Lust for a Vampire ** (1971, Ralph Bates, Michael Johnson, Yutte Stensgaard, Barbara Jefford, Suzanna Leigh, Mike Raven, Helen Christie) – Classic Movie Review 2892


Director Jimmy Sangster’s 1971 horror is the second of Hammer Films’ three movies derived from J Sheridan Le Fanu’s book Carmilla or at least its characters. Though star Ralph Bates described it as the least favourite film of his movies and ‘one of the worst films ever made’, it is a fascinating if adolescent erotic vampire movie.

Hammer’s Karnstein Trilogy of vampire films were all scripted by Tudor Gates: The Vampire Lovers (1970), Lust for a Vampire (1971) and Twins of Evil (1971).

Ralph Bates stars in Lust for a Vampire as Giles Barton, while Michael Johnson plays Richard Lestrange, an 1830s English writer who discovers that ravishing mid-European schoolgirl Mircalla (Yutte Stensgaard) is a reincarnated vampire, Countess Carmilla Karnstein.


Stensgaard packs the sensual charge her role needs, while director Sangster, though seeming uneasy with the story’s decadence, achieves visually fine sequences of furtive vampiring before resorting to pop songs and sex jokes.

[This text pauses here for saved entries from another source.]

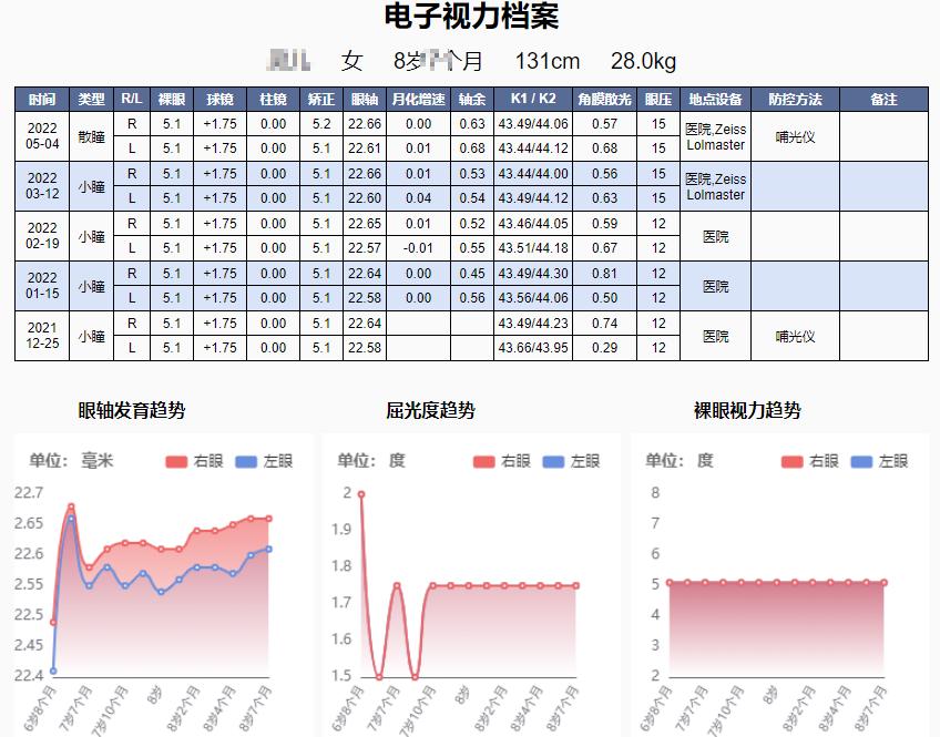 我们建议临近或者已经近视的孩子每3个月查一次眼轴、验光、眼压,来监控近视的发展情况,时间长了会产生厚厚的报告单,为了方便整理,我们需要借助电子视力档案的帮助。
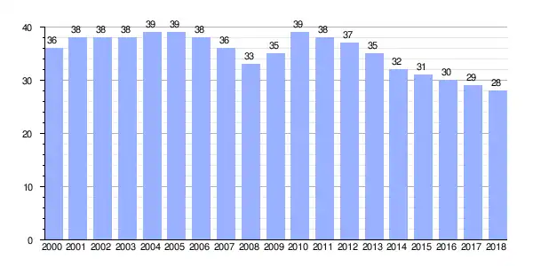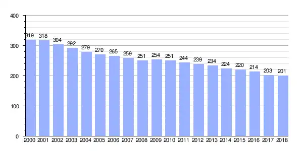 | Gráfica de evolución demográfica de Broño (parroquia) entre 2000 y 2018 |
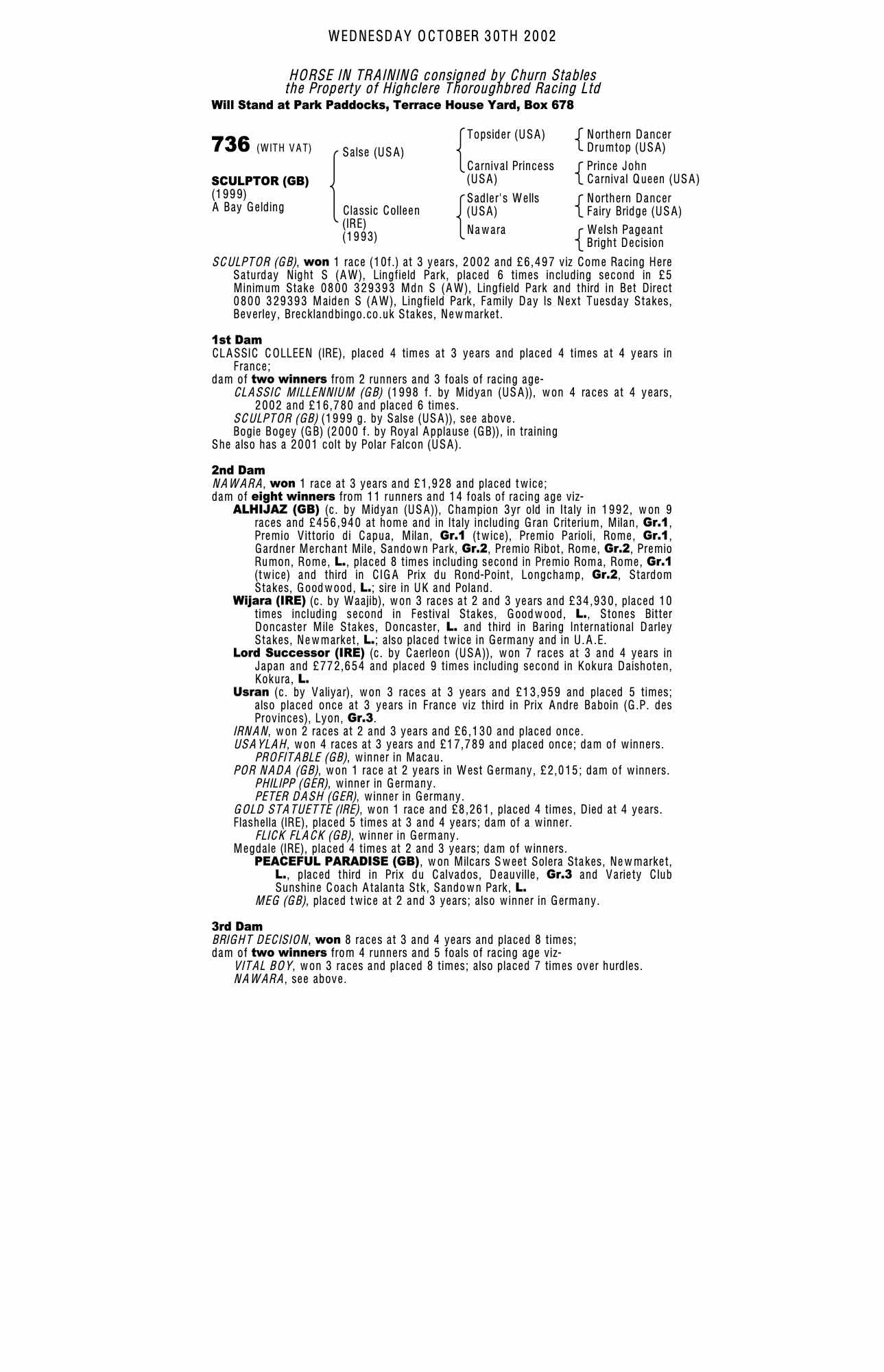 Autumn Yearling Sale 2002 lot 1794 C. by Polar Falcon (USA) 2001, Herringswell Manor Stud=>BBA Italia 1,700 gns
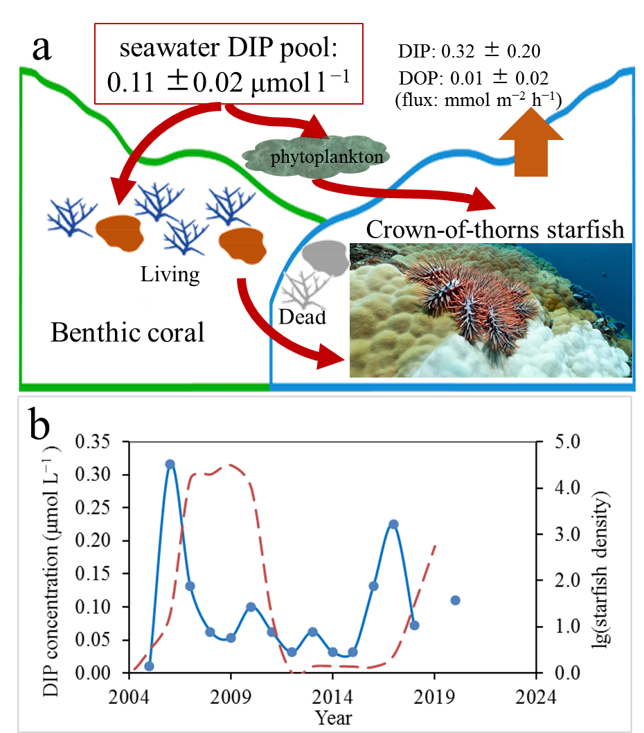 图1 长棘海星参与的珊瑚礁区磷元素循环(a)及海水溶解无机磷浓度和长棘海星密度的年际变化(b)

Also in the cast are Barbara Jefford as Countess Herritzen, Suzanna Leigh as Janet Playfair, Mike Raven as Count Karnstein, Helen Christie as Miss Simpson, Pippa Steel, David Healy, Harvey Hall, Michael Brennan, Jack Melford, Christopher Cunningham, Judy Matheson, Christopher Neame, Eric Chitty, Caryl Little, Jonathan Cecil, Kirsten Lindhom and Luan Peters.

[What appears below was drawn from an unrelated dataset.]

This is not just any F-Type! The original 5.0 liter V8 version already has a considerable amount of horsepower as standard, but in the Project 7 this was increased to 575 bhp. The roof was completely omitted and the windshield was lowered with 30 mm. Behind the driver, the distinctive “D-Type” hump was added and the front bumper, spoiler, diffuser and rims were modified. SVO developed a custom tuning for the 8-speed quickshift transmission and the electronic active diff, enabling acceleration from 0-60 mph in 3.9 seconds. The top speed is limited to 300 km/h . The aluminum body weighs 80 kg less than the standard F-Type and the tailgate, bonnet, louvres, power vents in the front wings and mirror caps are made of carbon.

Peter Cushing was to play the lead but left shortly before filming to look after his ailing wife and Bates was cast at short notice. Sangster also replaced Terence Fisher at short notice. Bernard Robinson died hours after he was hired as production designer and was replaced by Don Mingaye.

Though Mike Raven was a radio DJ, his voice as Count Karnstein was dubbed by Valentine Dyall.

Danish model Stensgaard gave up acting and emigrated to the US in the mid-Seventies and took up a job selling air time for a Christian radio station in Oregon.

Before the Hammer Films’ three movies, Christopher Lee’s Crypt of the Vampire (1964) is the third adaptation of Sheridan Le Fanu’s novel Carmilla, following Carl Theodor Dreyer’s Vampyr (1932) and Roger Vadim’s Blood and Roses (1960).